I agree with you in this: FelixFelicis.
The whole it's only different, is some PC BS in my opinion.
If a guy is in a wheelchair, it is harder for him to get up a to the second floor, if there isn't an elevator, the it is for one not in a wheelchair.
Said another way, my cuisine has a bad leg, because of a bum knee, so for him it's not different to walk up a flight of stairs, but harder. Even when the serie shows it when Daphne is working in the kitchen, and she has to have the Mirror installed so she can see her chef, or she has to have a interpreter, and Pre-class notes.

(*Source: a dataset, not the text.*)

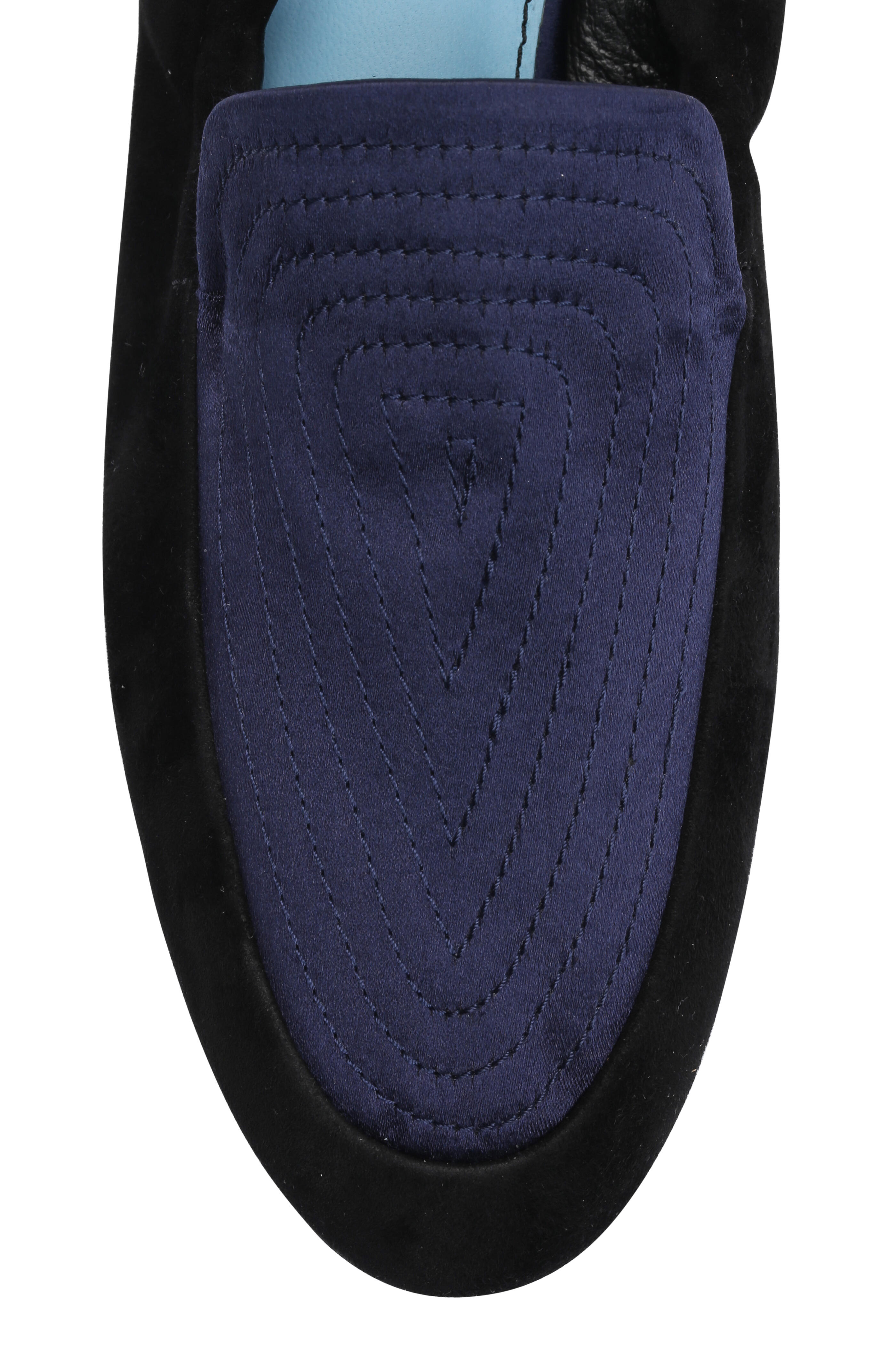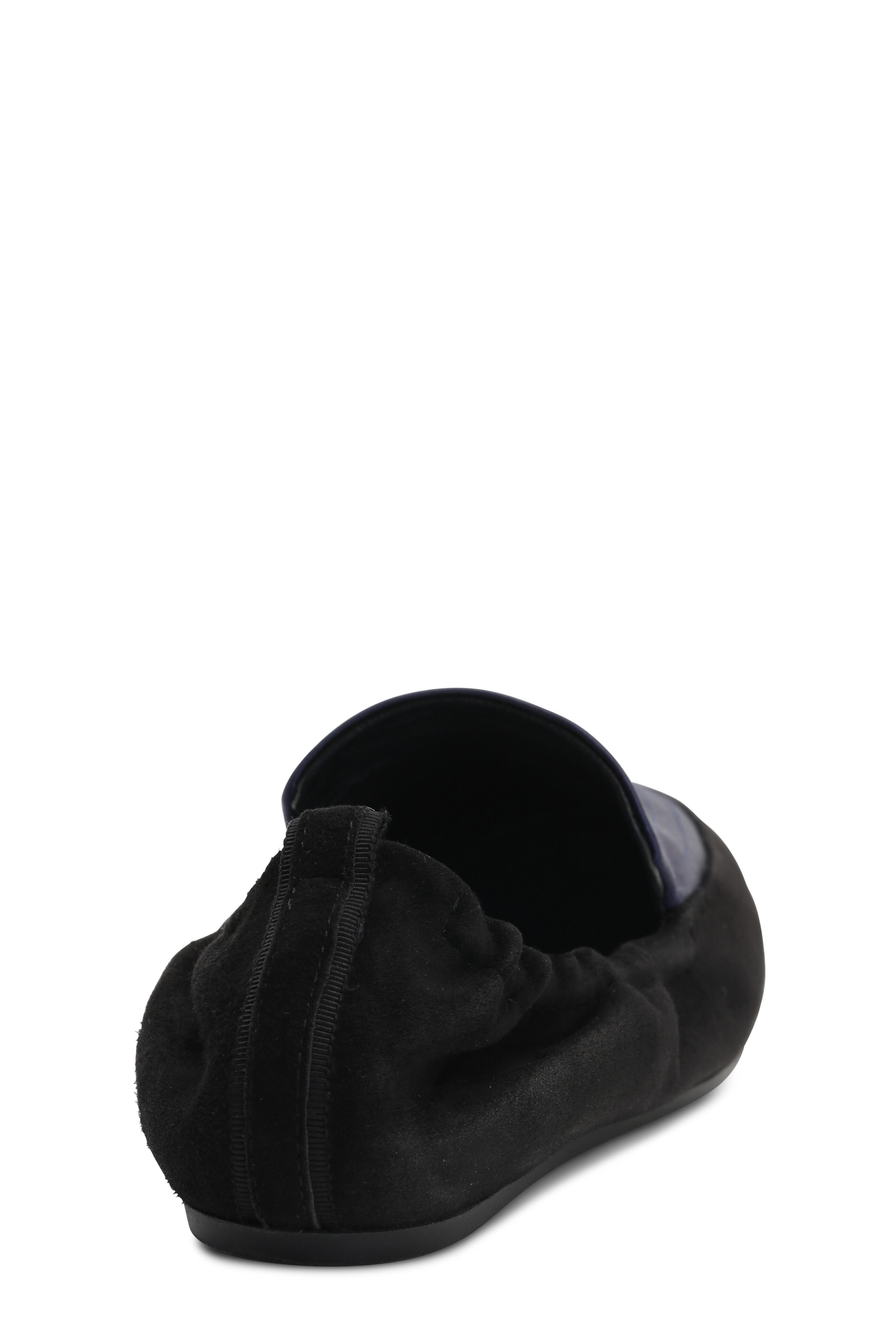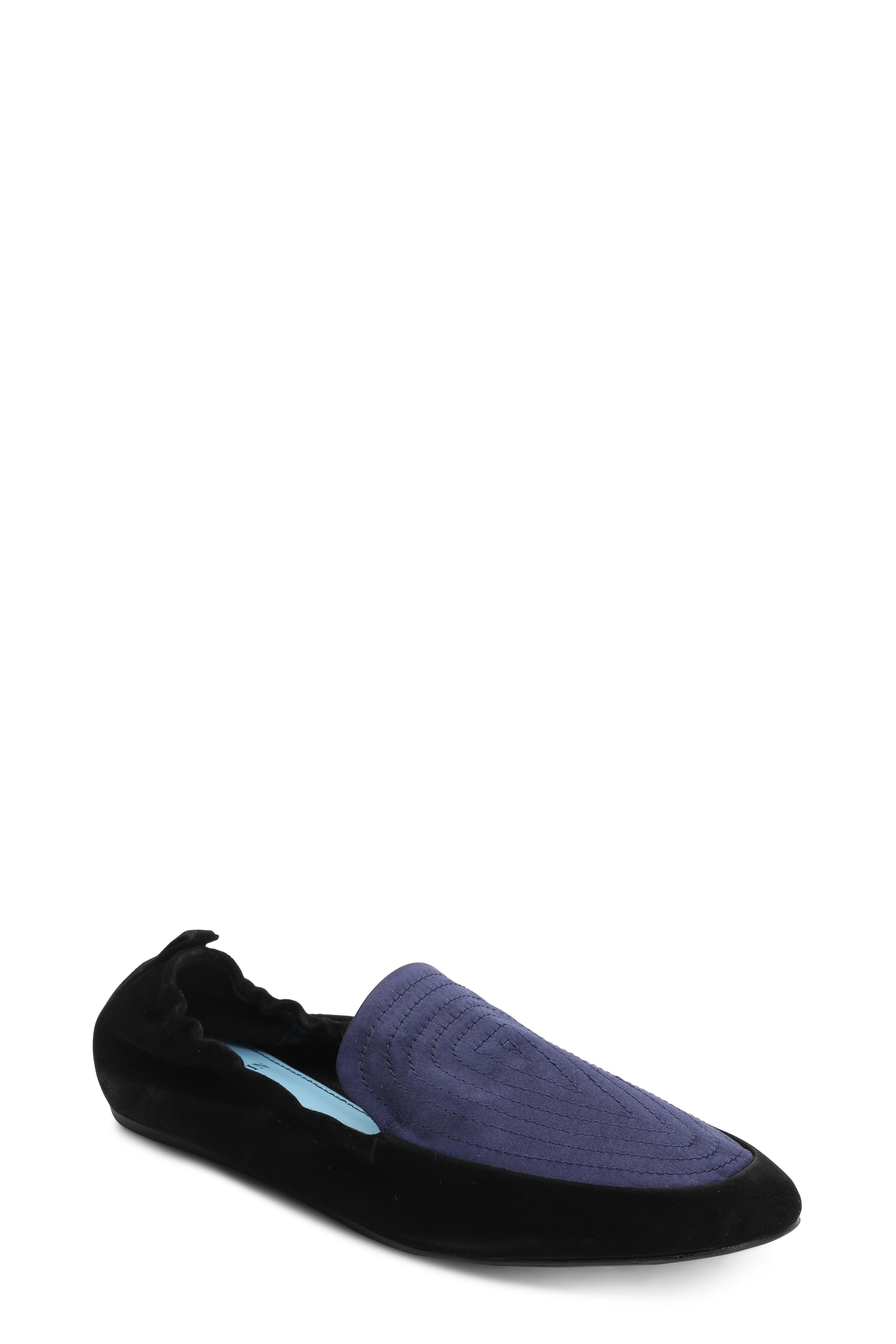 Calfskin suede upper. Apron toe. Notched vamp. Elasticized collar. Leather lining; cushioned insole. Leather sole. Made in Italy.

But when is harder been, a bad thing.
Once I couldn't read very good, and it was harder for me to pass a class then my fellow students. But I believe that, that it what gave me a inner strength to work harder, and I'm now close to Complete law school.
I don't think Daphne was saying that certain tasks are not more difficult when a person is Deaf. Heck, when Emmett was preparing to go to USC, Melody took him aside and told him that film school would be harder for him than anyone else at that school, because he is Deaf.

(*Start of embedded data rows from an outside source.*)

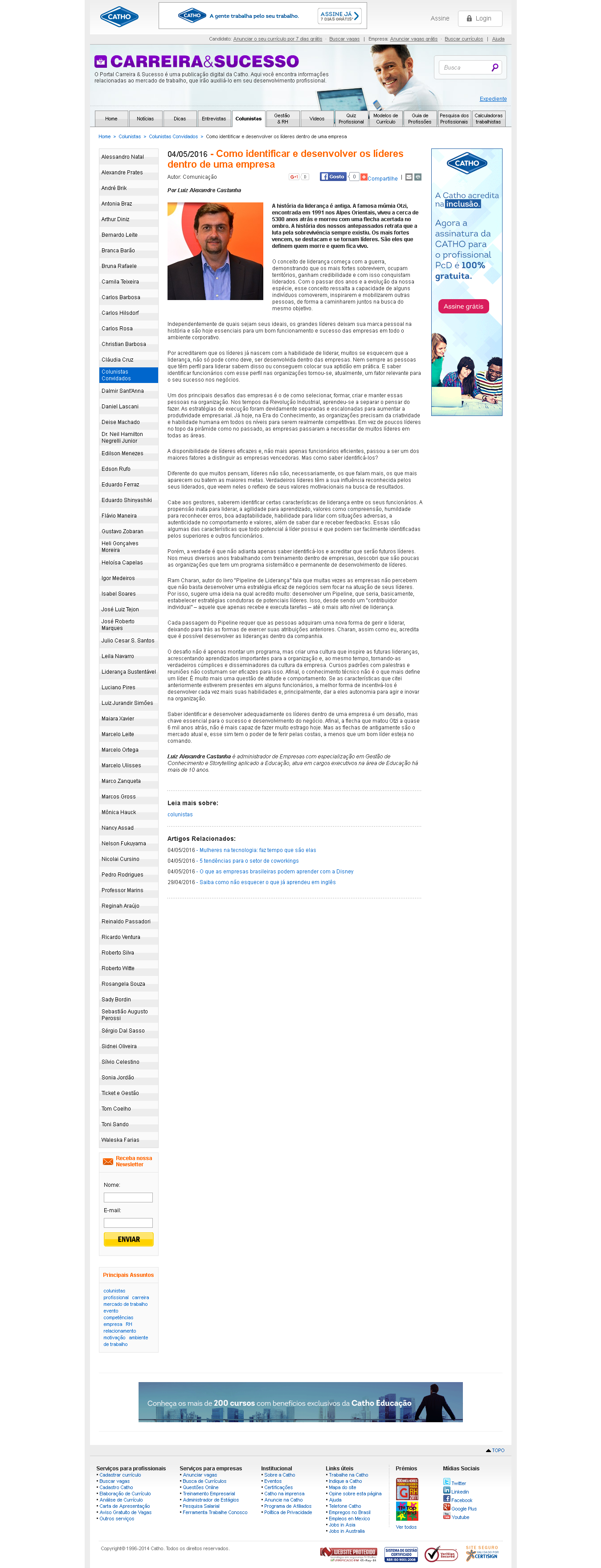 04/05/2016 – Carreira e Sucesso – Como identificar e desenvolver os líderes dentro de uma empresa (Artigo )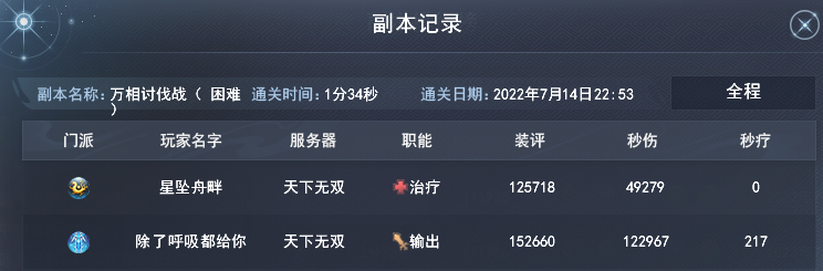 Saadiyazh11 发表于 2022-7-16 15:14 不是,现在还以装评来看输出吗?肯定是以装备属性方向啊,具体我也解释过了,我们团的wl是打战场的,副本方向投入不多,喊他来是更方便叠气绝,他而且没开合体,我是合体全状态+听雨剑+太虚酒。如果你要客观的对比你,起码你要拿同档次的副本wl来比才行,比如副本wl的顶流简单派,坦白而言,我比不上他,我有自知之明。 |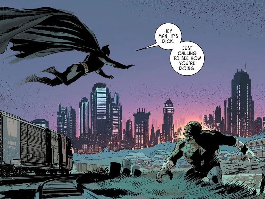 At times, I am surprised that Tom King was in the CIA due to his Batman run seemingly being all about not being secretive. Batman and Catwoman beat up a villain and announce when and where they are going to get married right in front of the person they are fighting. It would not be a Tom King Batman if Batman was not talking on his radio and name-dropping people in his civilian identity as he punches one of the villains he fights. Heck, in Batman #51, Dick drops his own name while swinging into Killer Croc.

Every character on the show talks about how much harder some things are because a person is Deaf.
What Daphne was saying to Mingo, in that one episode, is that LIFE is not harder. It's just different.
And the meaning I take from Daphne's statement is that YES, certain tasks are harder because a person is Deaf, but other tasks are easier, and overall, being Deaf simply makes for a different experience in life.
Are you aware of the blind artist Sargy Mann? Here's a quote from his son:
“I have always had a frustration in that people love his paintings but they don’t understand what is to me the most interesting thing,” Peter said. “There was always the slightly patronizing ‘isn’t it amazing he can do this and he is blind’. What is MORE interesting was the fact that he could ONLY do this because he was blind.”His life and his words are fascinating. It's well worth looking into his perspective on the world. Here's another quote from his son:
“Dad didn’t judge the world with a lot of preconceived ideas,” he says. “It was that attitude that allowed him to carry on and to see the value of what his blindness revealed. And that’s what he wanted to share.”Here is a quote from Sargy Mann's obituary last year:
He felt that his blindness had liberated him as an artist, giving him “the freedom, the courage, perhaps, to use color more daringly and expressively [and] to engage more closely with my subject”. His Cadaque paintings were exhibited at a one-man show in 2010 at the Cadogan Contemporary gallery in Chelsea (the first of four during his blind period), where they sold for healthy four and five figure sums. Some connoisseurs considered his later paintings, many of them portraits, to be his best work. In 2013 his See the Girl with the Red Dress On featured as one of a set of six United Nations postage stamps.